[Records from a data source]
%%
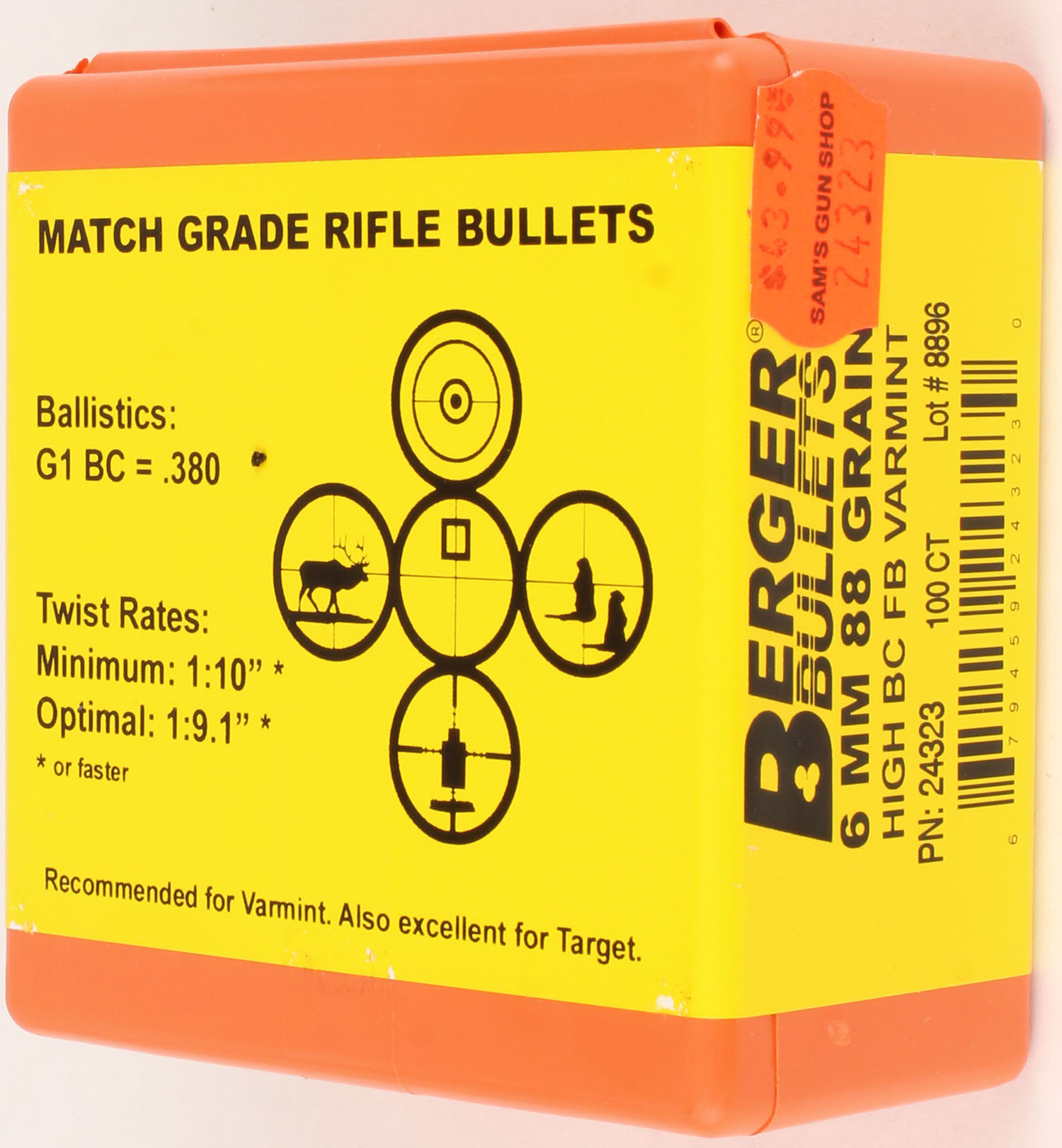 Berger, Match Grade Rifle Bullets, 6mm, 88 GR. High BC FB Varmint, FULL & SEALED, 1pc. Orange plastic box, box is MINT with minty color. Grade: MINT - Value: 10 to 40
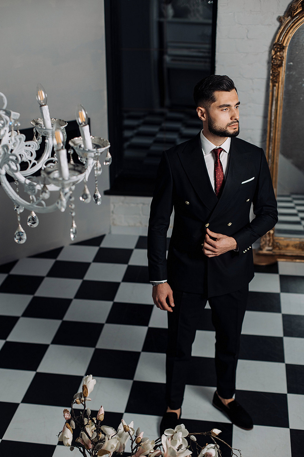 Костюм мужской двойка черного цвета в полоску круизного стиля
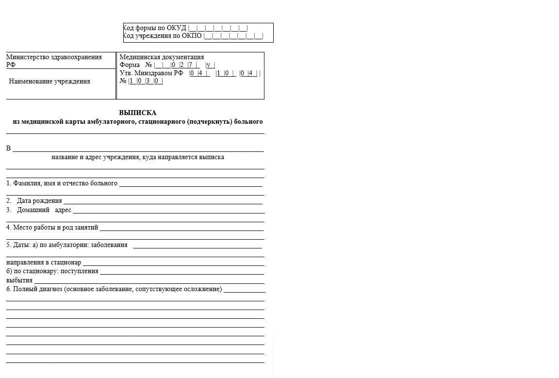 Справка формы 027/у иначе называется выпиской из истории болезни или амбулаторной карты. Заполняется на каждого больного, прошедшего курс лечения в любом стационаре, госпитале, диспансере. В бланке содержатся сведения о диагнозе, пройденных обследованиях и их результатах, рекомендации на восстановительный период.
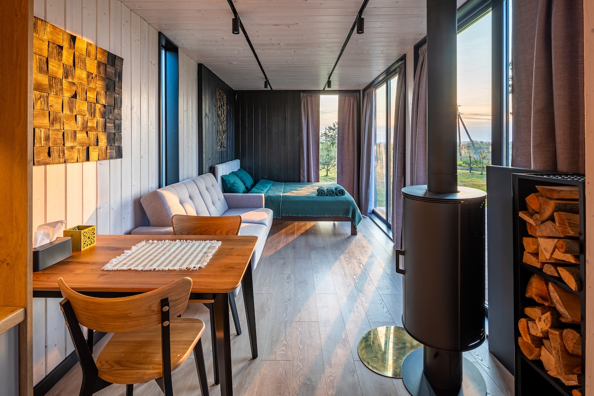 La unidad con la naturaleza se siente mejor en la cabaña junto al bosque. Hay conejitos corriendo, docenas de pájaros volando, ardillas saltando, arbustos de arándanos y moras en flor. Y dentro de la casa, todo lo que necesitas para unas vacaciones de calidad: ventanas panorámicas, una gran cama con almohadas de cáñamo y una manta, una estufa con leña, una cómoda cocina, una ducha de efecto lluvia con una vista fantástica de la puesta de sol. Una terraza con una zona de relajación, un tazón de fuego y una taza (tina) también están a tu servicio en cualquier momento.
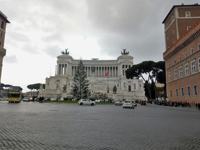 ↑ ヴェネツィア広場に寄ってみました。こちらの広場には、”入れ歯”や”ウェディングケーキ”などと陰口を叩かれもするヴィットリオ・エマヌエーレ2世記念堂(写真中央)があります。丁度今、クリスマスツリーに飾り付けをしているところで、ツリーの左にかすかにクレーンが写っているのが見えます。
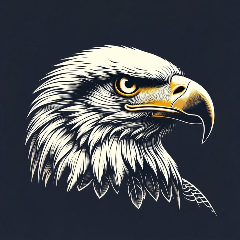 animal illustration, bird, dark background, eagle head, eagle portrait, eagle profile, feathers, illustration, isolated background, majestic eagle, raptor, white feathers, wildlife art, yellow beak, yellow eyes, bald eagle
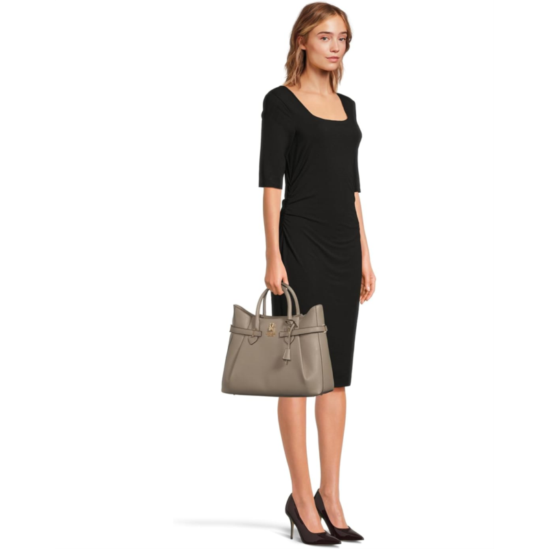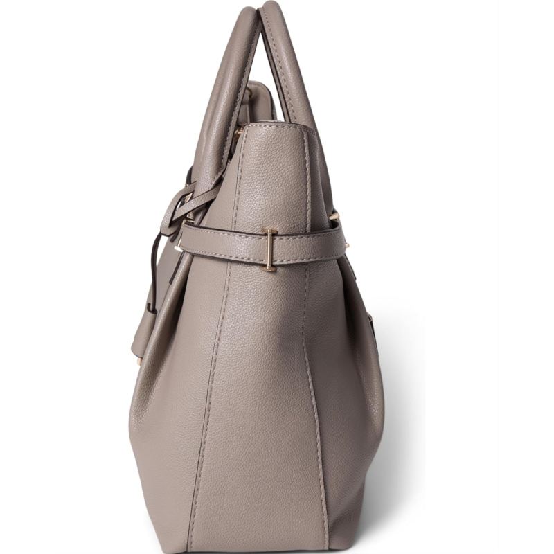 The GUESS Yesba Girlfriend Satchel is crafted in eco pebble polyurethane for a luxe look. Designed with dual top handles and a detachable crossbody strap, it offers versatile carry options to suit your day. The structured silhouette features a zippered top closure and protective bottom feet, helping maintain its shape while keeping your belongings secure.
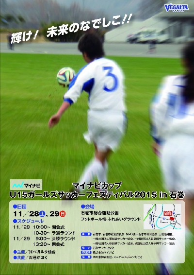 ◎ 高良亮子選手の負傷29日(日)にオランダ・フォーレンダムでのオランダ代表との国際親善試合になでしこジャパンメンバーに招集された高良でしたが、22日の皇后杯大東文化大学との3回戦で負傷し、左内転筋筋断裂で全治約8週間の見込みと大怪我だった。怪我に伴いなでしこジャパンメンバーを辞退した。今後の皇后杯出場は叶いませんが治す事に専念して来季の開幕に備えてほしいです。残る皇后杯の左SBは井手上と万屋のポジション争いになるかな。29日(日)にオランダ・フォーレンダムでのオランダ代表との国際親善試合がNHK-BSでの生放送が決まった。川村・有町・坂井の3選手をスタメンで見てみたいです。◎ 『マイナビカップU-15ガールズサッカーフェスティバル2015 in石巻』開催今週末の28日(土)・29日(日)の両日に石巻市総合運動公園フットボール場・ふれあいグラウンドで東北6県の女子中学生『マイナビカップU-15ガールズサッカーフェスティバル2015 in石巻』が開催される。ベガルタ仙台レディースJrユースは創設1年ちょっとの今季東北大会で優秀を果たしている。この大会もベガルタ仙台レディースJrユース中心に繰り広げられると思いますので優勝してほしいですね。どうぞ、石巻近辺に限らず応援に行って上げて下さい。
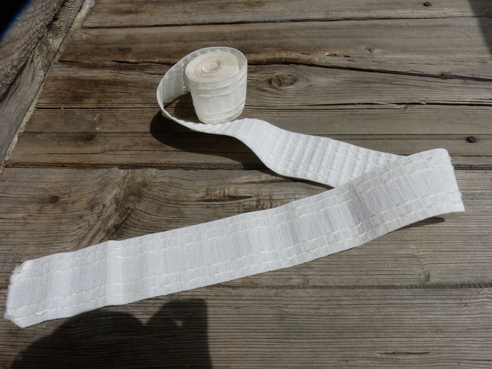 Large ruflette en tissu synthétique blanc assez rigide dans laquelle passent les fils qui servent à froncer le rideau. On peut aussi utiliser cette bande sans la froncer mais juste pour mettre les crochets sur un rideau plat. Largeur: 7cm longueur: 2m02
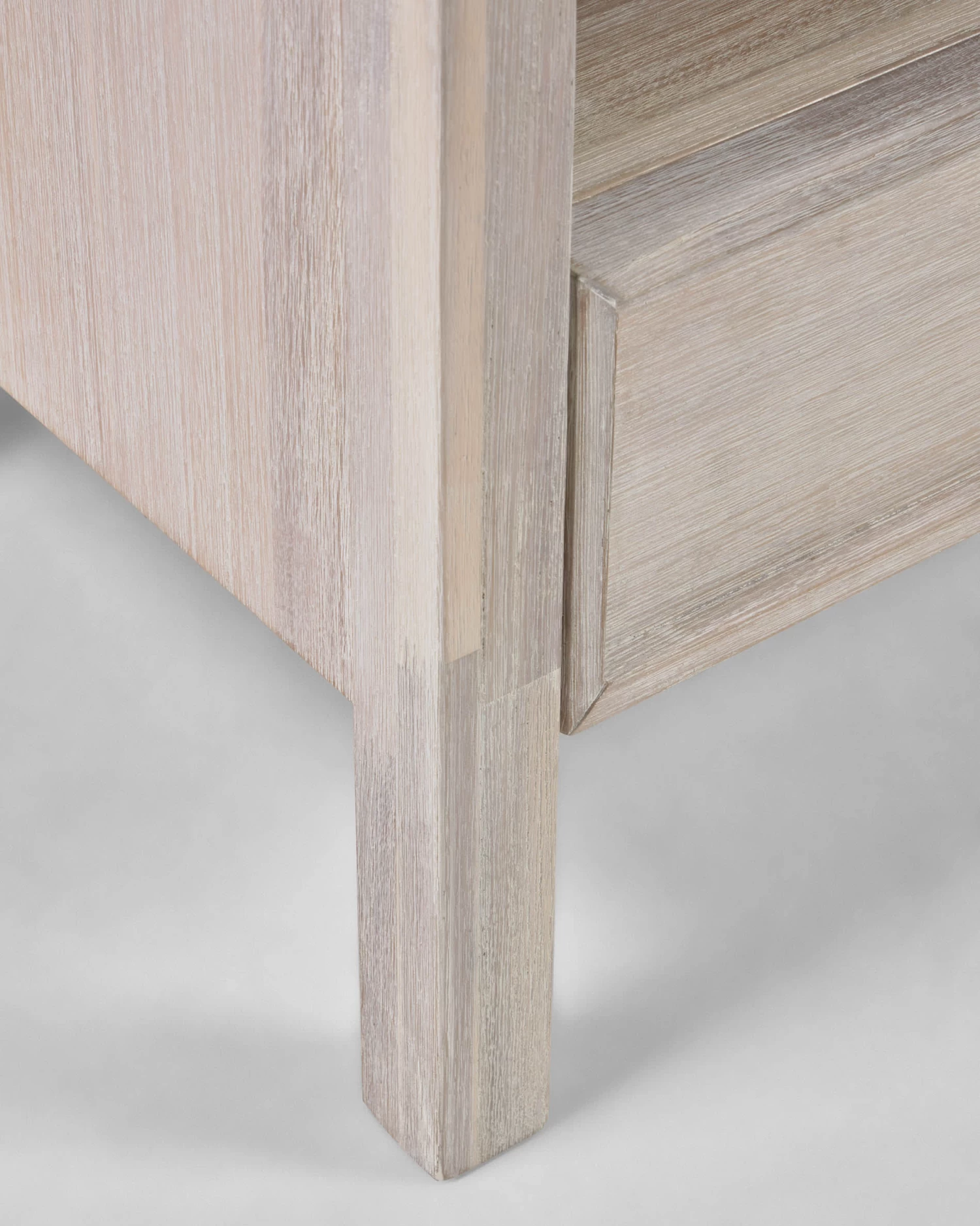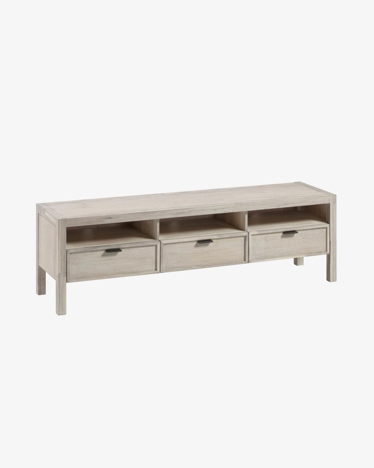 - Solid acacia wood TV stand with a brushed finish and a white patina.
%%
→ Exercise description
Would you reproduce, exactly and with nothing added, every line from the beginning of the entries above through the line that contains "Справка формы 027/у", both included, leaving out the pictures?

→ Solution for this task
 Berger, Match Grade Rifle Bullets, 6mm, 88 GR. High BC FB Varmint, FULL & SEALED, 1pc. Orange plastic box, box is MINT with minty color. Grade: MINT - Value: 10 to 40
 Костюм мужской двойка черного цвета в полоску круизного стиля
 Справка формы 027/у иначе называется выпиской из истории болезни или амбулаторной карты. Заполняется на каждого больного, прошедшего курс лечения в любом стационаре, госпитале, диспансере. В бланке содержатся сведения о диагнозе, пройденных обследованиях и их результатах, рекомендации на восстановительный период.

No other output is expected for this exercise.